OpenAI reforça foco em adoção prática da inteligência artificial em 2026
A diretora financeira da OpenAI, Sarah Friar, afirmou que a empresa pretende priorizar a chamada "adoção prática" da inteligência artificial ao longo de 2026. Em um artigo recente no blog oficial da companhia, a executiva explicou que o objetivo central é reduzir a distância entre o que a inteligência artificial já torna possível e a forma como pessoas, empresas e países a utilizam no cotidiano.
Para Friar, a oportunidade é ampla e imediata, especialmente em áreas como saúde, ciência e empresas, onde uma inteligência mais avançada se traduz diretamente em melhores resultados.
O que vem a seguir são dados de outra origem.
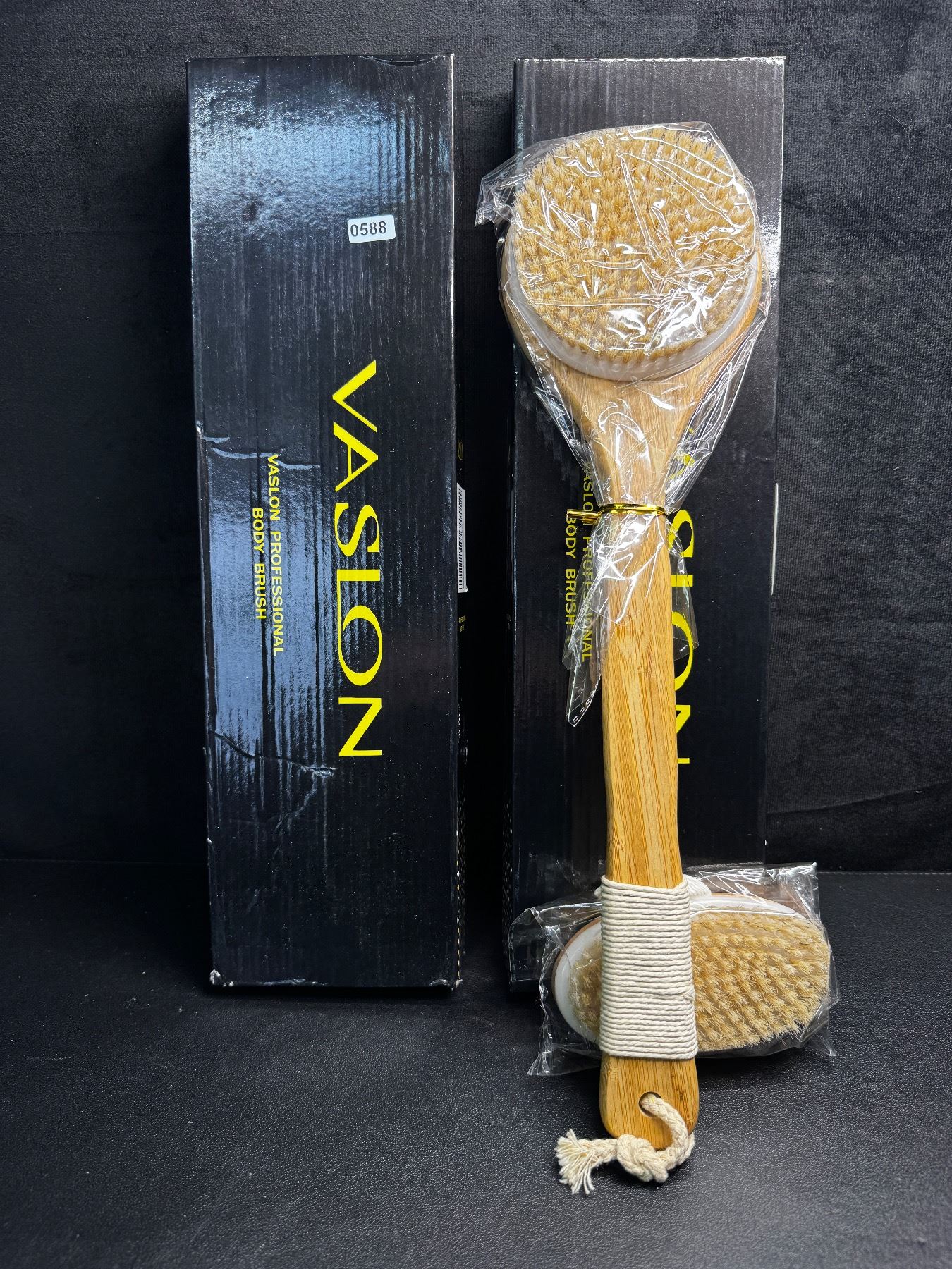 Each box includes 1 long handle body brush and 1 body scrubber that attaches on your hand.

A executiva também destacou que a OpenAI ultrapassou a marca de 20 bilhões de dólares em receita anualizada em 2025, número que reforça o ritmo de crescimento da companhia.
A declaração foi feita no contexto do Fórum Econômico Mundial de Davos, onde o termo "capability overhang" ganhou destaque entre os participantes. O conceito se refere à diferença entre o que a inteligência artificial já consegue fazer e o valor que as organizações realmente conseguem extrair dessas ferramentas. Segundo Friar, existe um descompasso entre as capacidades atuais dos modelos de IA e a forma ainda superficial como a maioria das pessoas e empresas os utiliza, com ferramentas avançadas que permanecem pouco integradas aos fluxos de trabalho e à tomada de decisões.
Friar também comentou que os chamados usuários de fronteira consomem cerca de sete vezes mais inteligência artificial do que o usuário médio, usando os modelos de forma intensa em programação, pesquisa aprofundada e como parceiros de raciocínio. A executiva avalia que a experiência e a execução estão fechando esse descompasso mais rapidamente do que qualquer quantidade de discursos.
Além dos investimentos em infraestrutura, a OpenAI anunciou recentemente o lançamento do ChatGPT Health, uma experiência dedicada dentro do ChatGPT que permite conectar registros médicos e aplicativos de bem-estar, como Apple Health, Function e MyFitnessPal. A empresa afirmou que não usará dados pessoais de saúde para treinar seus modelos.
Dados da plataforma Ramp mostraram que os gastos empresariais com modelos da OpenAI atingiram um recorde em dezembro, ultrapassando concorrentes como Anthropic e Google.